Hey everyone, it’s Anna.
We recently got an email from a listener named Lindsay. She’s a nurse practitioner who lives in Philadelphia. And she’s currently working in an ICU in New Jersey, about an hour and a half away from home. She normally works in pediatric oncology, but because her husband has already had the coronavirus she volunteered to work with adult COVID patients for the time being.
Lindsay is 28, and she's been working as a nurse since she was in her early 20s. And we here on the team thought Lindsay’s email about her job right now…and struggling with what a “good death” means today…was really important. And beautiful. So we asked her to record her thoughts. Here’s Lindsay.

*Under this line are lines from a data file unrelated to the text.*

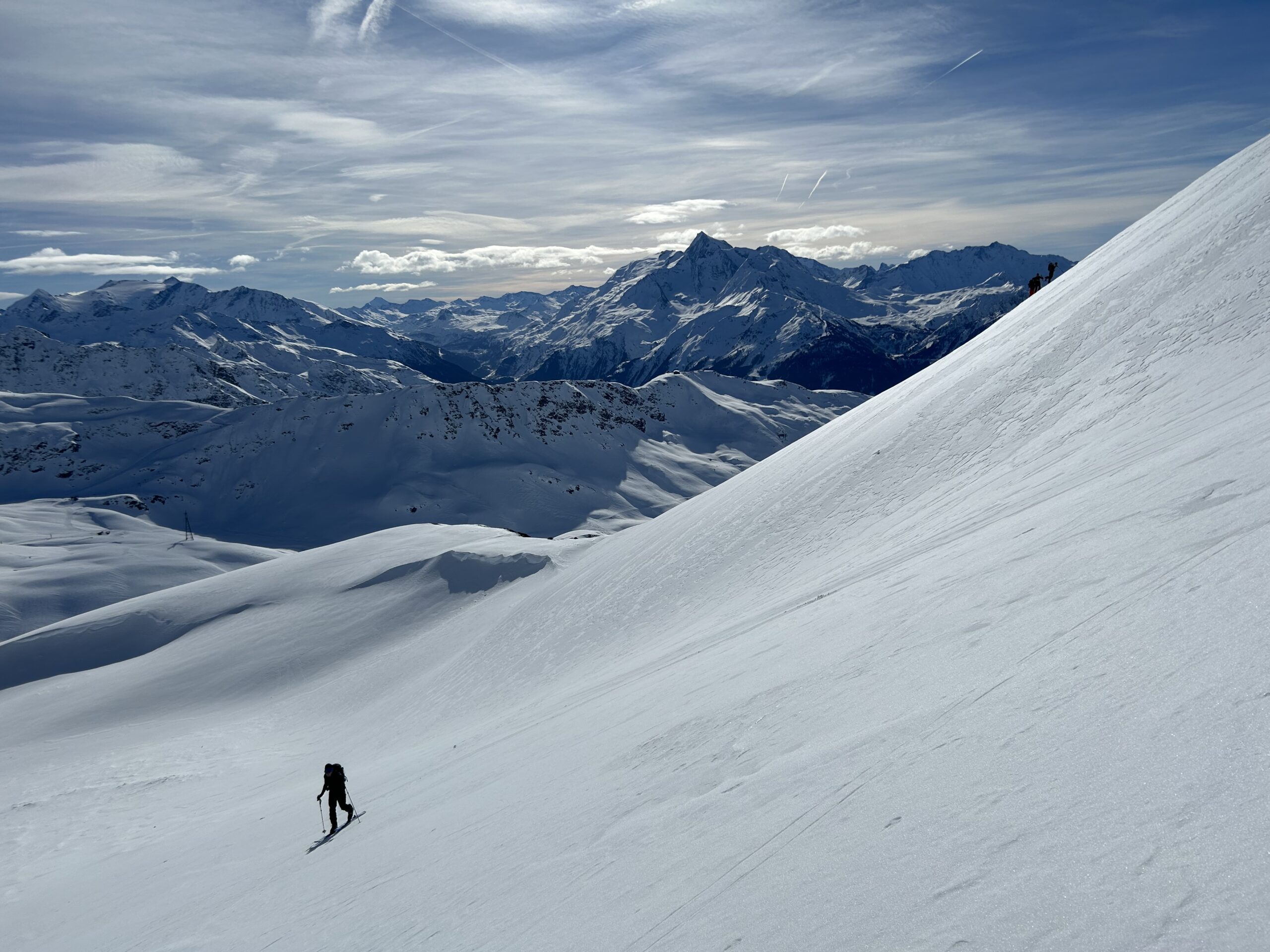 Buone condizioni generali. Farina molto bella dalla vetta fino a quota 1900 circa, crosta comunque sciabile sotto. Con Andrea e Mario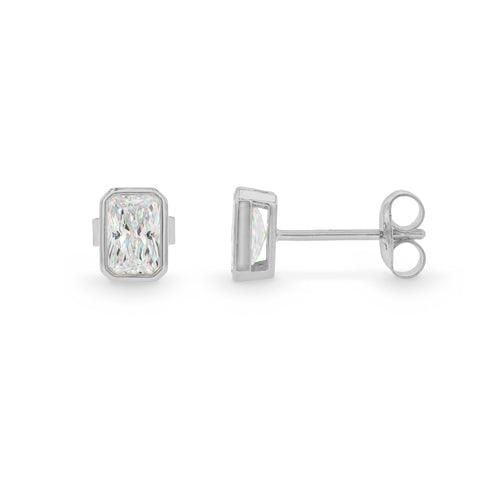 Make a statement of elegance with our stunning EverGem 9ct White Gold Emerald Cut Cubic Zirconia Stud Earrings. Crafted with care and precision, these Cubic Zirconia bezel set studs feature a mesmerizing emerald cut Cubic Zirconia hat will catch everyone's eye. The perfect size at 5 x 4mm, these earrings will add a touch of class and sophistication to any outfit. Elevate your style and feel confident with our high-quality, luxurious earrings.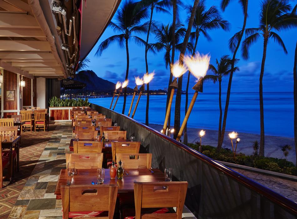 Hula Grill overlooks the beautiful Waikiki Beach and is open for breakfast, lunch and dinner. With its stunning location, it's perfect for any occasion! The restaurant is also home to a full-service bar, so you can enjoy your favorite cocktails while soaking in the incredible views.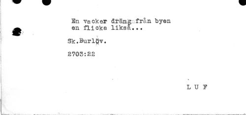 //// I En vacker drän^ från byen //// ^ en flicka liksa... //// ! Sk.Burlöv. //// t //// 2703:22 //// L U F ////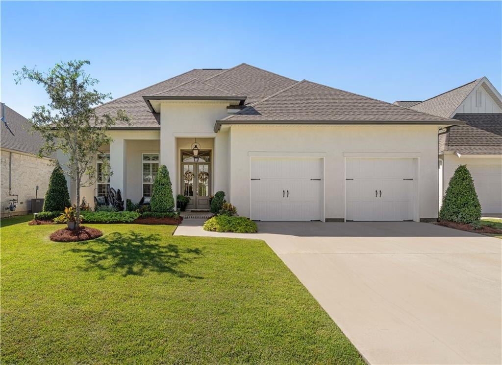 Located in the Estates at Watercross, this beautiful home is only 3 years young and offers 4 bedrooms, 3 full baths and meticulous design details throughout. The inviting front porch opens to a spacious layout featuring engineered wood floors, plantation shutters and a cozy brick fireplace. The kitchen is a true highlight with quartz counters, large center island, ample cabinet space and a wall of windows fills the entire living area with natural light. The elegant primary suite boasts a tray ceiling, accent walls, freestanding tub and an oversized closet. Additional highlights include a mudroom, abundant storage and a balance of beauty and practicality. Step outside to enjoy an extended patio with a fire pit, perfect for relaxing or entertaining, overlooking peaceful green space and gutters already in place. You can also enjoy the neighborhood boat launch in this gated community. Estates at Watercross is tucked away on the scenic Tchefuncte River, less than 15 minutes to Downtown Covington and about 45 minutes north of New Orleans. Come discover why this neighborhood is one of the most sought-after!
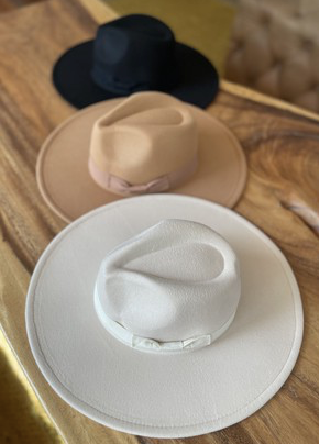 Structured wide brim panama hat in vegan felt. Matching leather belt Flat and stiff brim Adjustable inner drawstring Crown size: 57 cm Brim: 4 in. 100% polyester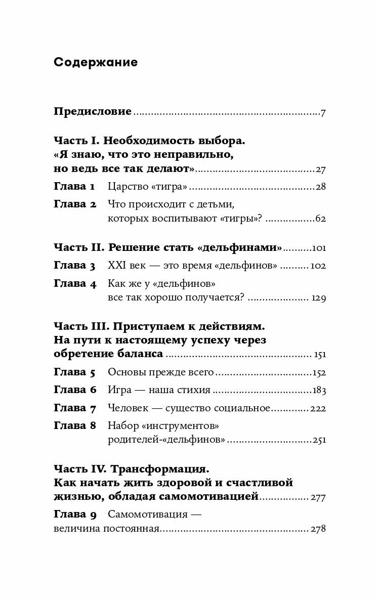 Все родители желают своим детям счастья. Но насколько по-разному они представляют его! Родители-тигры видят счастье в успехе, под которым понимают только будущую престижную работу и высокий статус. Ради достижения цели они не останавливаются ни перед чем. Чрезмерная загруженность, постоянный родительский контроль и жесткий диктат — так проходит детство ребенка, которого решили осчастливить любой ценой. Но в самом ли деле полнокровная жизнь с ее радостями несовместима с высокими достижениями, и выбирать надо либо то, либо другое? Разве нельзя вырастить здоровых, гармоничных и одновременно действительно благополучных детей? Можно, говорит Шими Канг, специалист по детскому психическому здоровью и мама двоих сыновей и дочки, и предлагает свой метод — путь дельфина — стратегию чуткого, авторитетного родительства. По этому пути она не раз проходила вместе со своими пациентами и ведет по нему своих детей. Теперь она открывает этот путь нам и готова стать нашим проводником и наставником.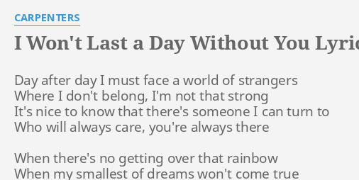 Love Song Lyrics For I Won T Last A Day Without You The Carpenters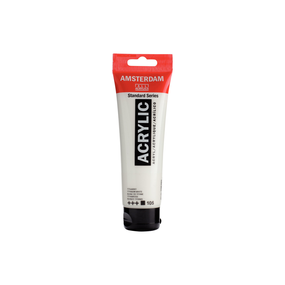 Amsterdam Standard Series acrylic paint in Titanium White (105) is an opaque color with an excellent lightfastness. Our Standard Series offers you the broadest range of remarkably vibrant acrylic colors. This versatile paint is easy to work with and offers a smooth application. Use the paint straight from the tube or thinned with a little bit of water or one of our acrylic mediums. Medium viscosity paint for visible brush strokes, texture and smooth coverage with a satin finish. Made with high-quality, lightfast pigments. Formulated with 100% acrylic resin binder, resulting in an exceptionally durable and flexible paint film with a uniform degree of gloss. Odorless, water-based formula that becomes waterproof and permanent when dry.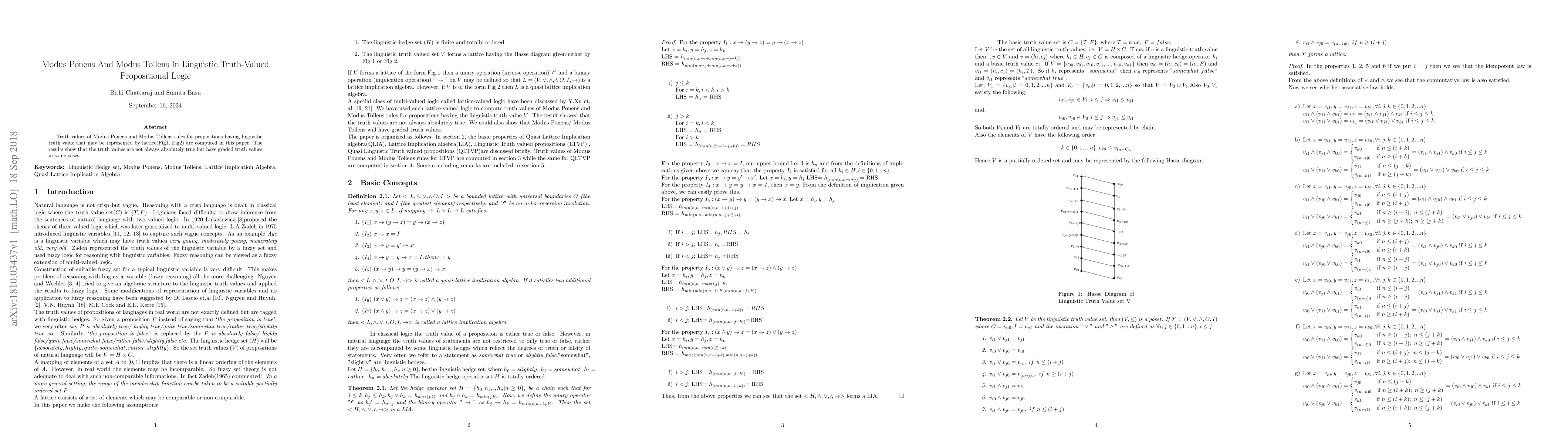 Truth values of Modus Ponens and Modus Tollens rules for propositions having linguistic truth value that may be represented by lattice(Fig1, Fig2) are computed in this paper. The results show that the truth values are not always absolutely true but have graded truth values in some cases.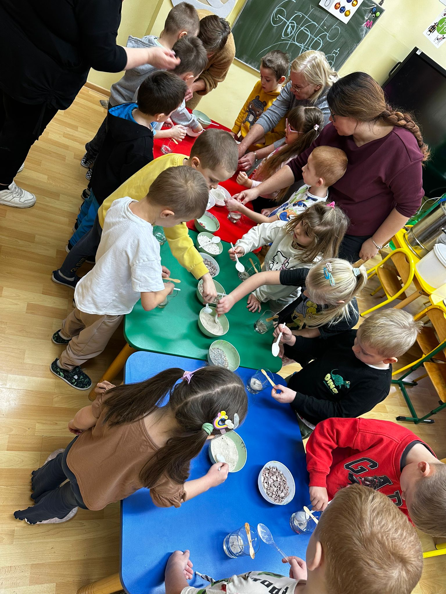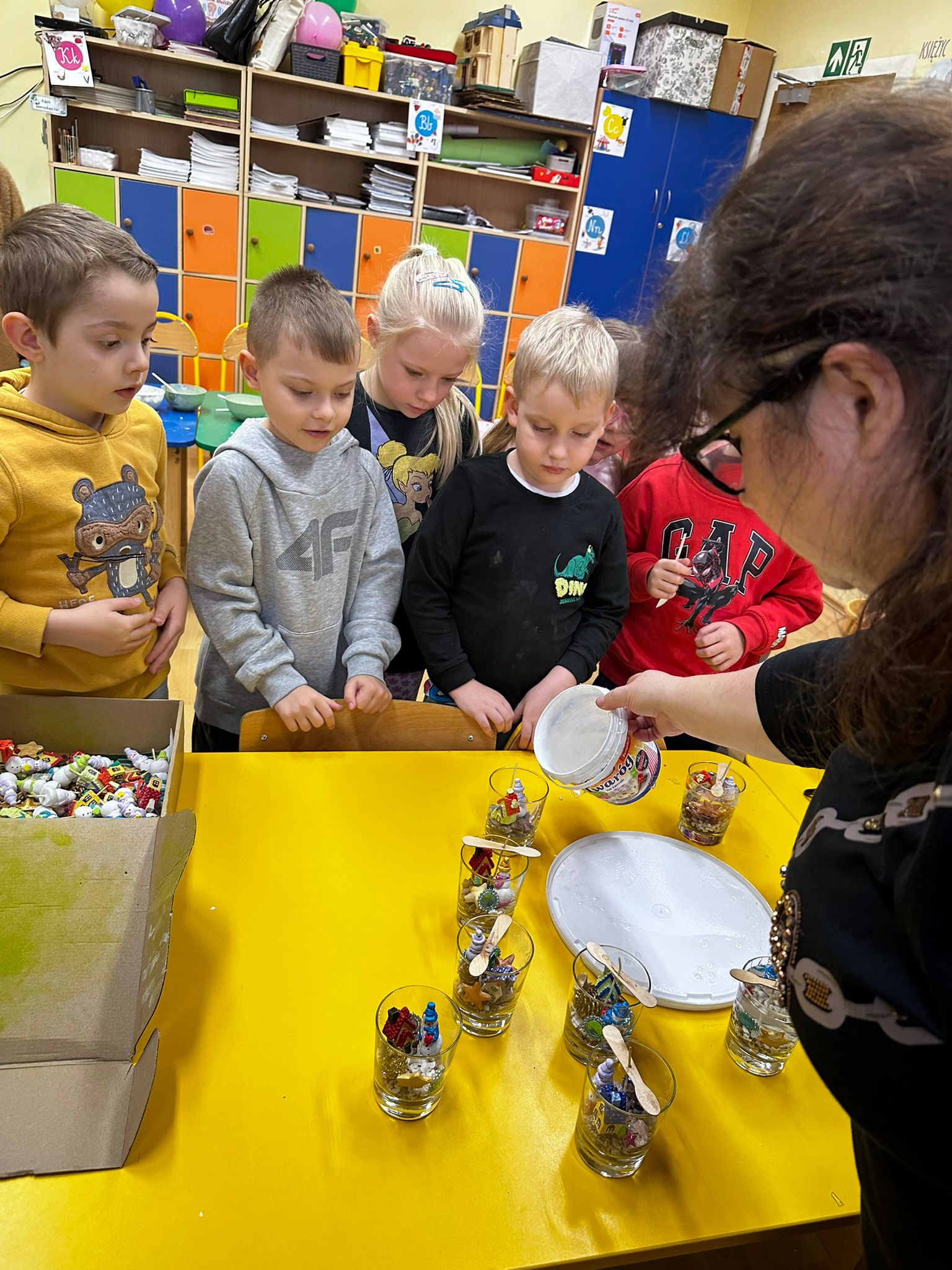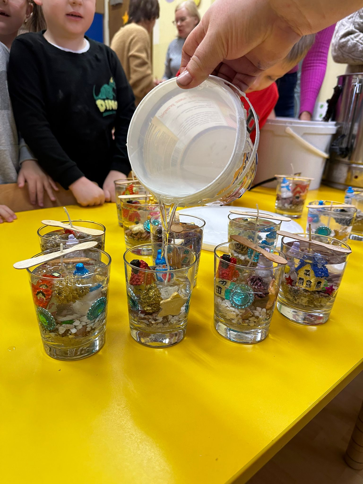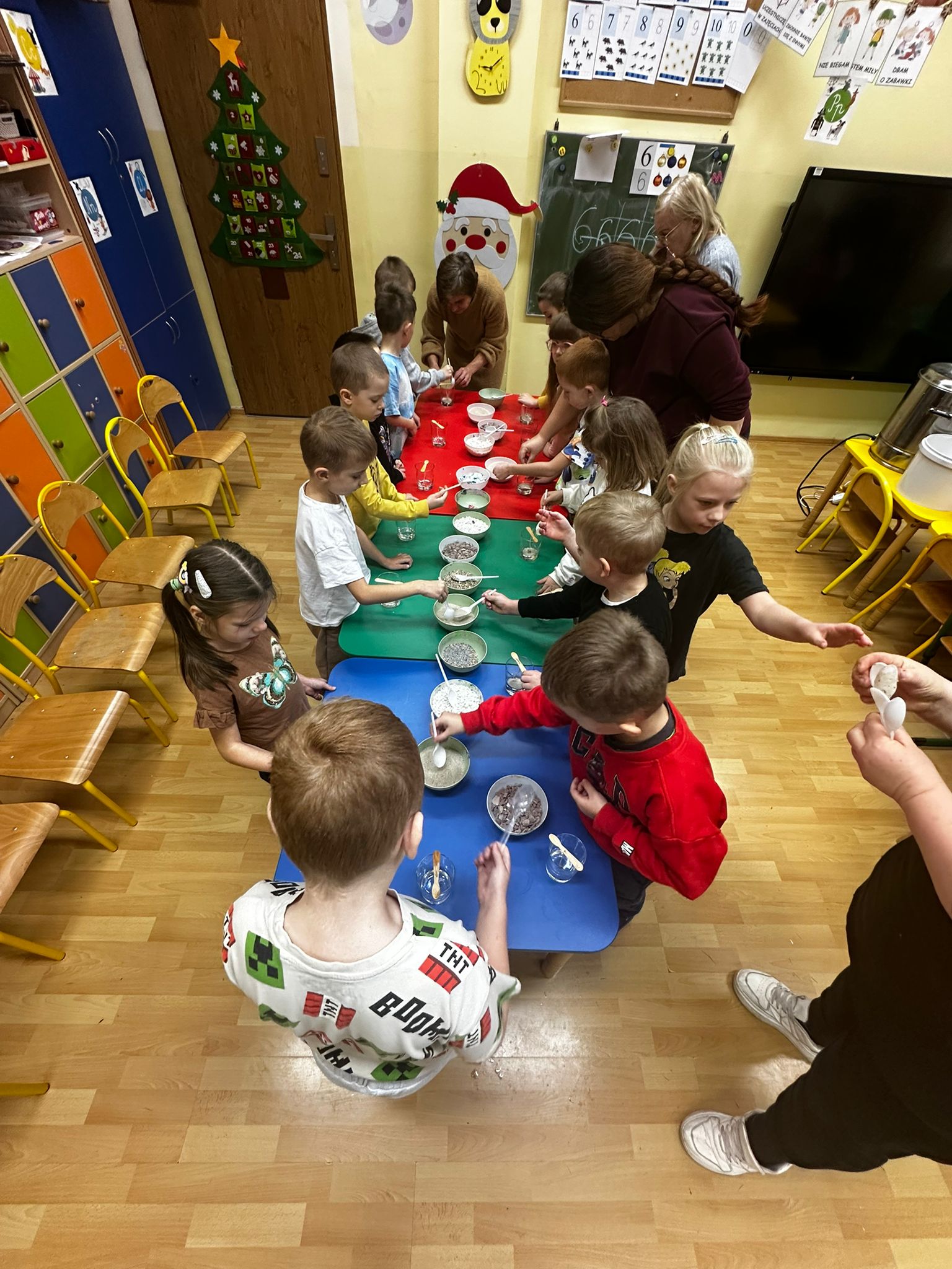 2 grudnia odwiedziły nas panie z Zakładu Aktywności Zawodowej z Witowic. Dzieci bardzo się cieszyły, że mogły uczestniczyć w warsztatach plastycznych. Zerówkowicze wykazały się ogromną kre aktywnością i pomysłowością, ich świece żelowe wyszły naprawdę przepiękne. Największą radością było zobaczyć, jak wiele uśmiechu i satysfakcji sprawiło im samodzielne, własnoręczne tworzenie świątecznej świecy.

I've been surrounded by death in my job. I mean, as a oncology nurse, I've washed children before taking them to the morgue. I've comforted families as they leave the hospital without a child. And mourned and grieved with my coworkers for a life cut so short. In end of life care and oncology, we focus a lot on what constitutes a, a good death for a patient and their family. Um, obviously there are some unexpected deaths that are devastating, but the oncology community is a small one, and we really try to grieve together as a family against, you know, the insidious enemy that is cancer.
But COVID is really changing the way I'm seeing death. Like, I knew patients were sick and I knew healthcare workers were struggling. Uh, but what I didn't even have them is that like, the deaths that you see from COVID are the worst kind.
Right now I'm at a small community hospital without many resources. They have one iPad in the whole hospital for families to FaceTime their loved ones. But the iPad can't go in the room to bring them close because then it's considered contaminated. Families schedule a time but if the nurse can't get away from another patient or as an emergency, it just all goes out the window. So we're making do with what we have. Um, I'm FaceTiming families with my personal phone. I write down notes about patients on PostIts in hopes they'll be given to the family after they pass. Um, one I wrote the other day was that "I washed Mr. Johnson's hair today and I saw the scar behind his right ear. I'd love to know the story of how he got it."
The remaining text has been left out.